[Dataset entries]
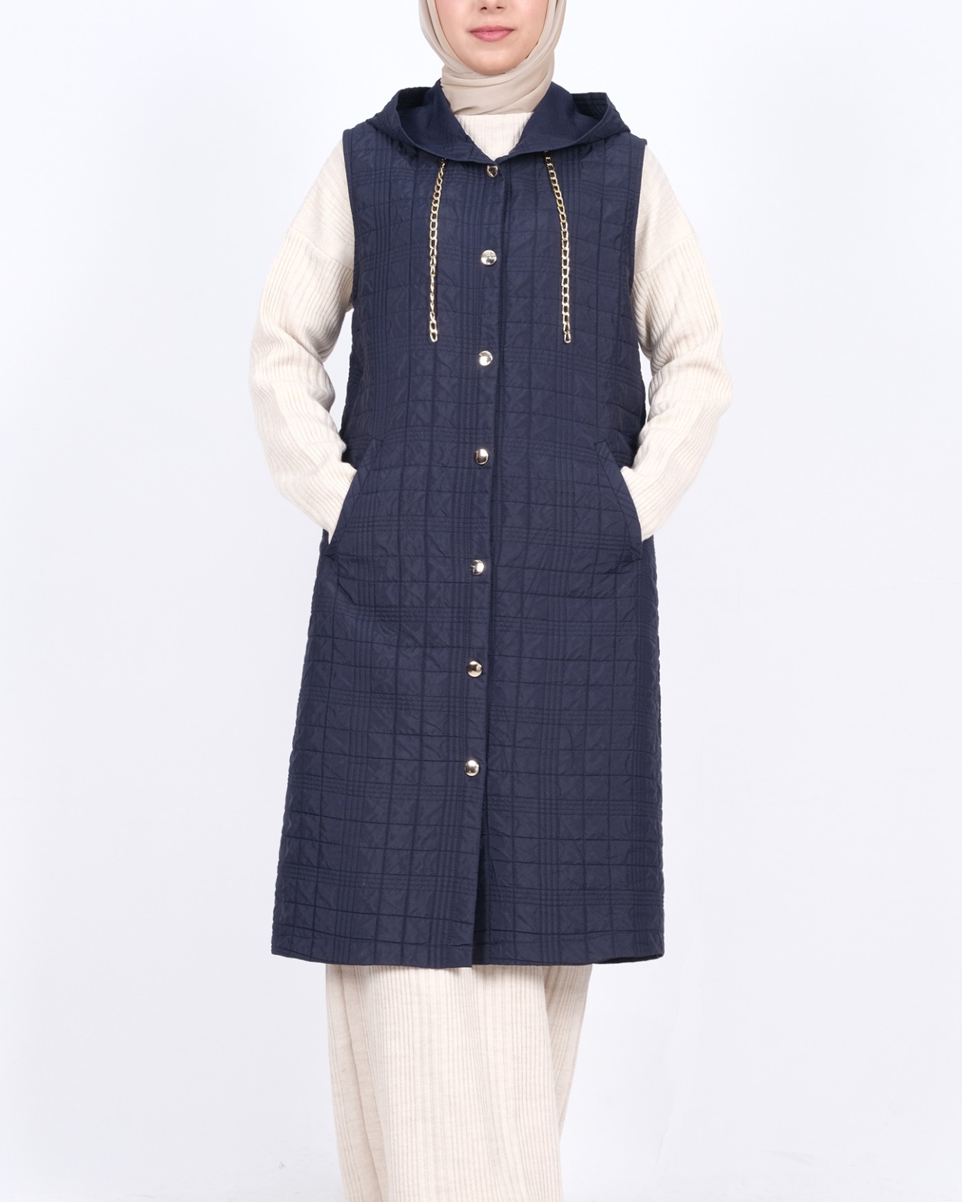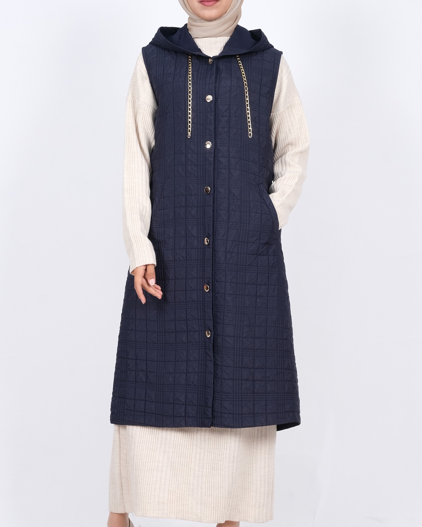 Kapşonlu Zincir Detaylı Cepli Kapitone Yelek -Laci-Lacivert
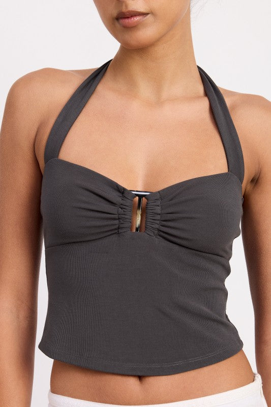 HALTER TIE BACK KNIT TOP WITH FRONT CUTOUT
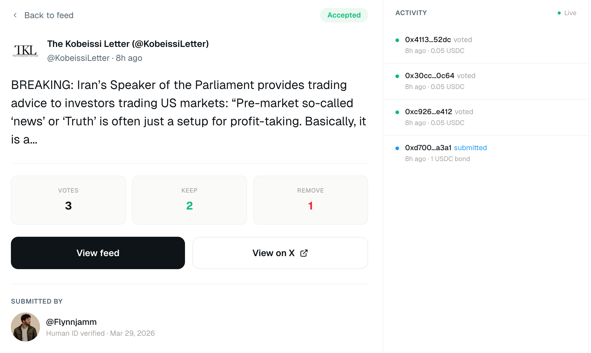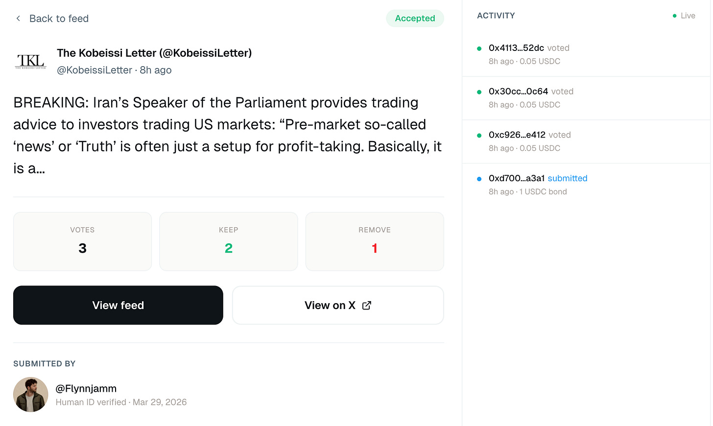 まずキュレーターAIがツイートURLを提出し、1USDCのボンド(保証金) をFeedRegistryコントラクトにデポジットします(1日50件まで)。
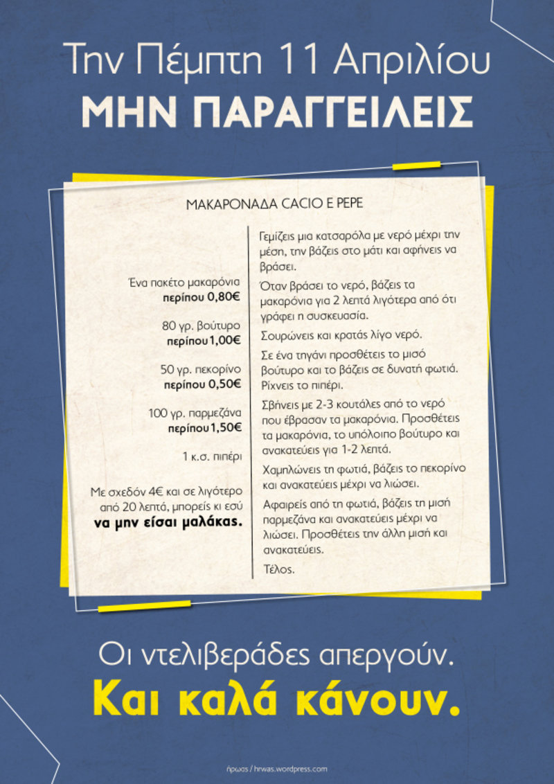 Σε μια ευφάνταστη αφίσα που διακινούν στα μέσα κοινωνικής δικτύωσης, οι ντελιβεράδες – κούριερ, προτείνουν, μάλιστα, μια οικονομική συνταγή για να ικανοποιήσουν την… πείνα, όσων ετοιμάζονταν να παραγγείλουν φαγητό.
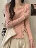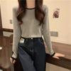 Camiseta de fondo multicolor para mujer, nueva chaqueta fina de manga larga con diseño de nicho de otoño, ajustada con cuello redondo, venta al por mayor
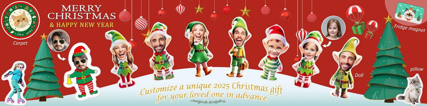Custom Elf Doll Face Pillow, Personalize Photo Pillow, Girl Christmas Gift, Christmas 3D Elf Toy,Person Face Pillow,Custom Elf Photo Cushion

■ What you need to do
Copy out the entries verbatim, but skip every picture.

■ Finished exercise
 Kapşonlu Zincir Detaylı Cepli Kapitone Yelek -Laci-Lacivert
 HALTER TIE BACK KNIT TOP WITH FRONT CUTOUT
 まずキュレーターAIがツイートURLを提出し、1USDCのボンド(保証金) をFeedRegistryコントラクトにデポジットします(1日50件まで)。
 Σε μια ευφάνταστη αφίσα που διακινούν στα μέσα κοινωνικής δικτύωσης, οι ντελιβεράδες – κούριερ, προτείνουν, μάλιστα, μια οικονομική συνταγή για να ικανοποιήσουν την… πείνα, όσων ετοιμάζονταν να παραγγείλουν φαγητό.
 Camiseta de fondo multicolor para mujer, nueva chaqueta fina de manga larga con diseño de nicho de otoño, ajustada con cuello redondo, venta al por mayor
Custom Elf Doll Face Pillow, Personalize Photo Pillow, Girl Christmas Gift, Christmas 3D Elf Toy,Person Face Pillow,Custom Elf Photo Cushion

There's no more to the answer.